After that, G1 + G2 (periodic gradients / stress tensor) takes vibe-qc from “I can compute an energy” to “I can do periodic chemistry,” and feeds finite-difference phonons (Phase 21) for free.

On the molecular side, Phase 17 (analytic Hessian) is the single biggest force multiplier — it unlocks vibrational frequencies, thermochemistry, TS confirmation, IR intensities, KIE, and VCD all at once.

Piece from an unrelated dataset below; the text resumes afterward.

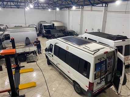 O mecânico responsável é o Tiago, identificou os problemas que eu tinha no meu motorhome. Ele lida com Mercedes Sprinter, Fiat Ducato, Renault Master e outras marcas com motor a Diesel. Muito solícito, gentil, deixou eu usar energia para carregar minhas placas e também abastecer minha caixa d’água. Troquei Correia dentada, bomba de água, óleo, filtro e pastilhas.

It pairs with D1/D2 (dispersion) and S1 (solvation) to bring the ORCA “Molecular Properties” section to ~80% parity.

Tutorials we can write today with no new vibe-qc code

These are documentation-only items — every underlying capability already ships:

1. Hello water — promote input-h2o-rhf.py into the tutorial index proper.

2. Geometry optimisation — H₂O / dimer / trimer optimisation walk.

3. Running in parallel — 1-pager on num_threads= and the reported timing block.

4. Bond analysis + charges + dipole — uses Phase 18 + 19.

5. Vibrational frequencies via ASE — ase.vibrations.Vibrations driving the VibeQC calculator (slow but correct; the native Phase-17 path will replace it later).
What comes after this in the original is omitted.